We women gettin’ shit done this Valentine’s Day!


Oh, we women! We women love to talk. We talk, and we talk, and we talk some more. We talk about meaningful intellectual stuff, sure. But we also talk shit. We talk shit about our kids. We talk shit about our husbands. And, let’s be honest, we talk shit about each other. It’s a total shit storm of laughter and gossipy fun when we women get together.

I was out the other day with some friends (no really, it’s true) and it was a total bitchfest.  We bitched about our barbaric offspring, our spoon-fed husbands, the toxic state of our house, our cottage-cheese asses, our “sea food” diets, and our ever-increasing dependency on coffee and wine to numb it all away. As women, we take mental notes, we compare, we silently judge, we mask our envy and we share our opinions.

We also offer extremely helpful advice to one another. Because we women have an answer for everything. We suggest trendy parenting books. We pass around the number of a good house cleaner. We share exercise regimes. Diet tips. We clink our glasses together, all in the name of wine with a splash of whine.  You name it, we solve it. But the one thing we don’t have answers for? Our bloody husbands. We bitch. We commiserate. We empathize. We nod in the unfortunate familiarity of it all. But we can’t really offer any advice because turns out there’s no  golden “Man”ual.

We get all wobbly kneed and blindsided by the sparkly diamond ring. And poof, just like that, we marry our Prince Charming… Only to discover that underneath that princely charm lies a Neanderthal child who can’t take care of themselves.

Now listen, I don’t want to be dissin’ on your man, or mine for that matter. Big J is a good man. He is loyal.  He works hard. He smells good. And he puts up with my crazy. But sometimes I fear that Big J is a toddler trapped inside a grown man’s body. Because, like my children, he has an impressively lengthy list of things that drive me bat-shit crazy.

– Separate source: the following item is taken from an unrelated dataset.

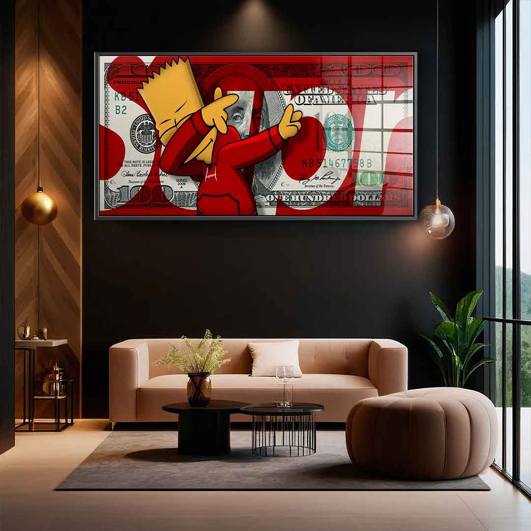 DOTCOMCANVAS® Premium Acrylglasbild mit Bart Simpson und Supreme Motiv.
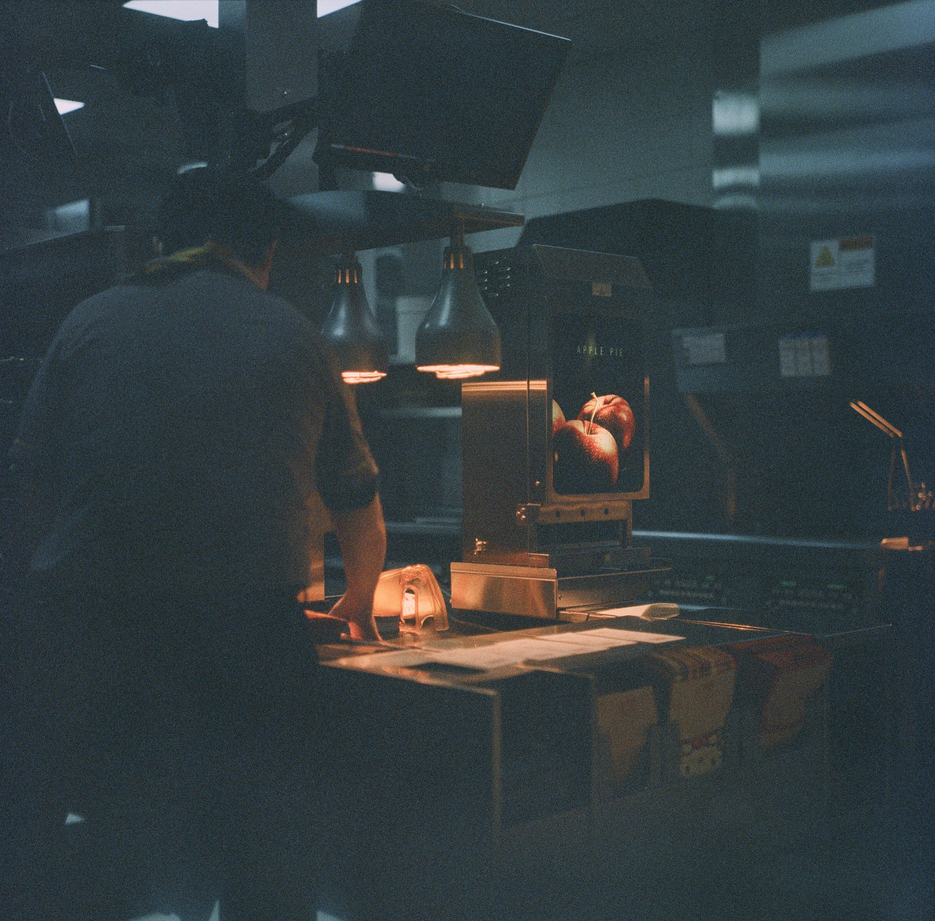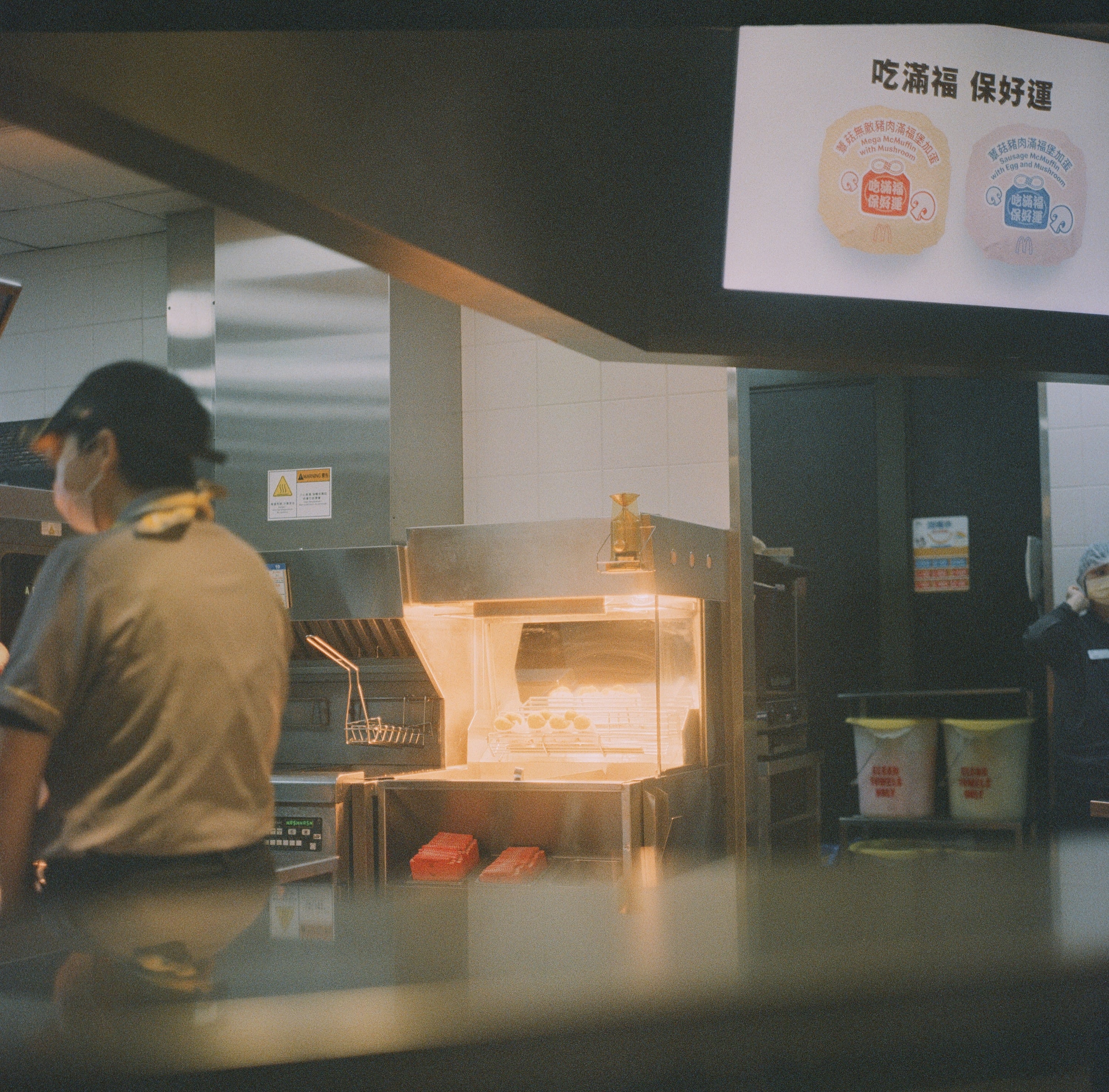 這天,我開車下台中參加客戶的尾牙,中途我在關西休息區吃麥當勞吃早餐。這張算是沒有經過麥當勞同意偷拍的(抱歉了,麥當勞),你可以留意畫面中間的油炸鍋所散發出來的光線層次,相當細膩,也相當難以解釋,也或許這是過期底片做了正片負沖後獨有的表現也說不定。

So based on my years of marriage and intimate bitchfests, I’ve made a list of “R U F-ing Kidding Me?” Husband Moments. But I’ll give credit where credit is due… these are not all about Big J (although some are!).

THE TOILET SEAT
A fairly large percentage of men are totally and utterly incapable of putting the lid down. Period.
SOLUTION: Find a picture of your mother, his mother-in-law, and tape it to the rim of the toilet, and write “Nice balls!”… WhoaHaHa! I guarantee you, he’ll learn to pee sitting down… unless your mom looks like Christie Brinkley, in which case you have no case!

FACIAL HAIR IN SINK
They need to shave. Fine. I get it.  But is it really so hard to run the water and do a quick rince for 5 seconds after?!
SOLUTION: It’ll take some time, but collect that speckled shit into a ziplock bag. During dinner when he asks you to “pass the pepper”, whip out your baggie and sprinkle that shit on his food. He’ll start rinsing.

INABILITY TO HEAR BABY CRYING AT NIGHT
Why we women are stereotyped as “high maintenance” I’ll never know. We are workhorses! ‘Sleeping Beauty’ should have been a man… and there certainly wouldn’t have been any Kiss of Love comin’ from we women.
SOLUTION: One word… Taser! Zzz…

LAUNDRY BIN
Dirty clothes go in the bin. Like, is it really that hard to grasp? Even a donkey could figure this one out.
SOLUTION: Clearly, they need incentive. I’ve invented a laundry “Bin For Him”. I’m bringing laundry and porn together. Load for a load!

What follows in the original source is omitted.